La petite Anne à la recherche d’un livre amusant.

La petite Anne se trouva bien embarrassée, lorsque, après le repas de midi, son père sorti, ses devoirs faits et ses leçons apprises, elle grimpa sur une chaise devant sa bibliothèque et s’occupa de chercher un livre pour Emmanuel. Anne était par nature une âme dévouée ; il ne lui vint pas un instant à l’esprit l’idée de porter au prisonnier les livres qu’elle aimait, ceux qui la faisaient pleurer ou ceux qui la faisaient rire. Elle sentait très-bien qu’un livre amusant pour une petite fille de neuf ans peut ne l’être pas du tout pour un collégien de treize. Elle laissa donc de côté les Mémoires d’une poupée, les Contes du chanoine Schmid, Cendrillon et le Petit Poucet, et alla droit à la planche supérieure, où Mlle Léonide avait rangé un certain nombre de volumes en lui disant : « Tu les liras quand tu seras plus grande. » Elle les prit l’un après l’autre et se mit à les parcourir en se demandant à chaque page : « Si j’étais un grand garçon comme Emmanuel, est-ce que cela m’amuserait ? » et elle faisait dans sa petite cervelle des efforts inouïs pour découvrir quelles histoires elle pourrait aimer dans ce cas-là. Elle mit de côté avec un soupir plusieurs volumes scientifiques auxquels elle ne comprit absolument rien ; puis des livres de morale où l’on prouvait par des exemples qu’il ne faut ni mentir, ni voler, ni faire de mal à personne. Anne jugea que, puisqu’elle savait cela sans l’avoir appris dans un livre, Emmanuel devait le savoir aussi ; puis, des histoires de rois, qui se ressemblaient tellement qu’on eût juré que c’était toujours le même ; puis, des récits de voyages en mer hérissés de calculs qui lui firent l’effet de quelque sorcellerie. Enfin elle s’arrêta à un très-vieux livre, relié en veau, avec une tranche rouge. De distance en distance il s’y trouvait de petites gravures qui représentaient les principales actions des personnages. Anne ne pouvait pas tout lire ; sur la page de gauche s’étalaient des caractères inconnus ; mais sur la page de droite il y avait du français, et ce français lui parut si beau, qu’après avoir ouvert le volume au hasard, elle continua, revint en arrière, et finit par le parcourir tout entier, mettant à chaque instant entre les pages de petits papiers pour marquer les endroits qui lui plaisaient le mieux. Elle descendit enfin de sa chaise, cacha le vieux livre sous son tablier, et courut tout d’un trait jusqu’à la grange de M. Arnaudeau.
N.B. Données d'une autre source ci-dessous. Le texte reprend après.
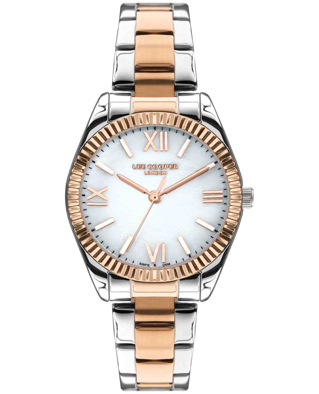 Женские наручные часы Lee Cooper LC07459.520 — это элегантная модель с утончённым дизайном. Корпус диаметром 32 мм выполнен из нсуперметалла, что придаёт часам изысканный вид. Серебристый циферблат украшен изящными римскими цифрами и стрелками обеспечивая удобное считывание времени. Циферблат защищён минеральным стекломМинеральное стеклоМинеральное стекло представляет собой искусственно выращенный минерал кварца. Такое стекло отличается особой устойчивостью к повреждениям и царапинам. Уступает по некоторым качествам сапфировому стеклу., устойчивым к царапинам. Часы работают на кварцевом механизме, обеспечивая точность хода. Браслет из нержавеющей стали с раскладной застёжкойРаскладная застёжкаТакой тип застёжки используется только на браслетах из металла. Она никогда не раскрывается полностью, происходит разделение на 2 и более частей. Раскладывающая застёжка снизит вероятность потери часов к минимуму. гарантирует комфортное ношение и надёжную фиксацию на запястье. Водозащита 30 метров защищает часы от случайных брызг и дождя, делая их подходящими для повседневного использования. Метки покрыты люминесцентным покрытиемЛюминесцентное покрытиеПозволяет считывать показания времени в темноте. Производители наносят на стрелки, часовые индексы, безель или поверхность циферблата светонакопительный состав, дающий холодное свечение., обеспечивая удобное считывание показаний в условиях недостаточного освещения. БезельБезельВнешний ободок, закрепляющий стекло. В спортивных часах так называется поворотное кольцо с делениями на циферблате, выполняет роль таймера – замеряет отрезки времени на шкале. Неподвижный безель – элемент декора. Однонаправленно вращающийся безель на дайверских часах позволяет фиксировать моменты погружения и выныривания на поверхность. с IP-покрытиемIP-покрытиеМетод ионного напыления. Демонстрирует повышенную устойчивость к истиранию, окислению и химическим веществам. Под воздействием высокого давления и температуры около 1500°C молекулы металла надёжно соединяются с частицами корпуса часов..

« Ah ! vous voilà, Anne ! tant mieux ! lui dit Emmanuel, quand elle entr’ouvrit discrètement la porte et se glissa dans la prison. Vous êtes bien gentille d’être revenue. Je ne peux plus dormir, et je commençais à m’ennuyer. Si seulement j’avais mes billes ! j’aurais fait une partie tout seul. Qu’apportez-vous là ?

— Un livre très-amusant : vous allez voir !

— Savez-vous lire, Anne ?

— Si je sais lire ? ce serait joli, à mon âge, de ne pas savoir lire. Tenez, je vais lire tout haut pour vous montrer.
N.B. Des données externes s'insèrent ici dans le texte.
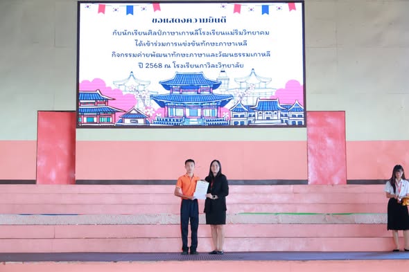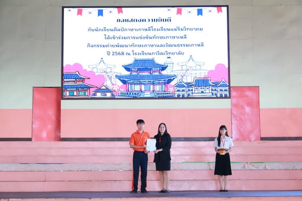On October 29, 2025, Ms. Somjit Takamsaeng, Director of Maerim Wittayakhom School, assigned Ms. Sirakan Thanajomsurang, Deputy Director, to preside over the certificate presentation ceremony to congratulate the students from the Korean Language Program (Grades 10–12) who received awards for participating in the Korean Language Skills Competition during the 2025 Korean Language and Culture Development Camp held at Kawila Wittayalai School.

— C’est cela ! j’entendrai l’histoire et je n’aurai pas la peine de lire. Vous arrangez très-bien les choses, Anne.

— C’est-à-dire que c’est vous qui les arrangez. La peine de lire ! est-ce que c’est une peine ?

— Eh bien ! lisez, puisque ce n’est pas une peine pour vous.
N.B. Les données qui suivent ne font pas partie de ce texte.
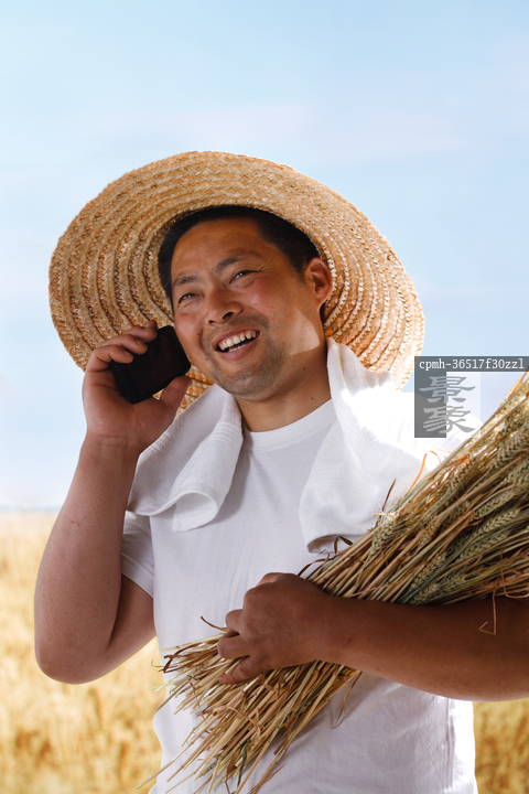 图片标题: 一个农民在麦田里打电话

— Je veux bien ; écoutez ! j’ai marqué les plus beaux endroits :

« Hector sort de son palais, et, parcourant les rues bien bâties, arrive à travers la grande ville aux portes Scées, par où il doit sortir dans la plaine. Alors accourt à sa rencontre son épouse Andromaque ; sa suivante l’accompagne, portant sur son sein le tendre enfant qui ne parle point encore, leur rejeton bien-aimé, beau comme la plus brillante étoile. À la vue de son fils, le héros sourit en silence. Andromaque, fondant en larmes, s’approche, lui prend la main, et s’écrie :

« Cruel ! ta valeur te perdra ! tu es sans pitié pour ton enfant au berceau, pour une épouse infortunée, que bientôt tu laisseras veuve dans ton palais. Hélas ! les Grecs vont fondre tous ensemble sur toi, et te faire enfin succomber ! Oh ! qu’il vaudrait mieux pour moi, privée de ton appui, descendre sous la terre ! Quelle joie puis-je espérer encore, lorsque tu auras subi ta destinée ? J’ai perdu mon père, ma mère et mes sept frères. Hector, tu es pour moi mon père, ma mère, mon frère et mon jeune époux. Prends pitié d’Andromaque : défends-toi du haut de nos tours, ne rends pas orphelin ton enfant et veuve ton épouse. Range l’armée près du figuier sauvage. Là surtout la ville est accessible ; de ce côté le mur s’affaisse et trois fois les plus vaillants Grecs ont tenté de le franchir. »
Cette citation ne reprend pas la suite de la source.